Firstly, the major components of an algorithmic trading system will be considered, such as the research tools, portfolio optimiser, risk manager and execution engine. Subsequently, different trading strategies will be examined and how they affect the design of the system. In particular the frequency of trading and the likely trading volume will both be discussed.

Once the trading strategy has been selected, it is necessary to architect the entire system. This includes choice of hardware, the operating system(s) and system resiliency against rare, potentially catastrophic events. While the architecture is being considered, due regard must be paid to performance - both to the research tools as well as the live execution environment.

What Is The Trading System Trying To Do?

Before deciding on the "best" language with which to write an automated trading system it is necessary to define the requirements. Is the system going to be purely execution based? Will the system require a risk management or portfolio construction module? Will the system require a high-performance backtester? For most strategies the trading system can be partitioned into two categories: Research and signal generation.

Research is concerned with evaluation of a strategy performance over historical data. The process of evaluating a trading strategy over prior market data is known as backtesting. The data size and algorithmic complexity will have a big impact on the computational intensity of the backtester.
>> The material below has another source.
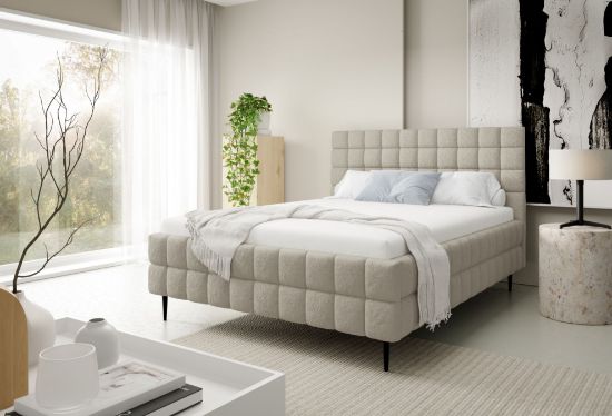 Łóżko posiada czarne metalowe nóżki w standardzie, które podkreślają jego nowoczesny charakter i nadają konstrukcji lekkości, a ozdobne przeszycia dodają całości elegancji oraz dopracowanego wykończenia. To idealne połączenie komfortu, funkcjonalności i stylowego designu, dzięki któremu sypialnia staje się przytulnym i estetycznym miejscem codziennego wypoczynku.

CPU speed and concurrency are often the limiting factors in optimising research execution speed.

Signal generation is concerned with generating a set of trading signals from an algorithm and sending such orders to the market, usually via a brokerage. For certain strategies a high level of performance is required. I/O issues such as network bandwidth and latency are often the limiting factor in optimising execution systems. Thus the choice of languages for each component of your entire system may be quite different.

Type, Frequency and Volume of Strategy

The type of algorithmic strategy employed will have a substantial impact on the design of the system. It will be necessary to consider the markets being traded, the connectivity to external data vendors, the frequency and volume of the strategy, the trade-off between ease of development and performance optimisation, as well as any custom hardware, including co-located custom servers, GPUs or FPGAs that might be necessary.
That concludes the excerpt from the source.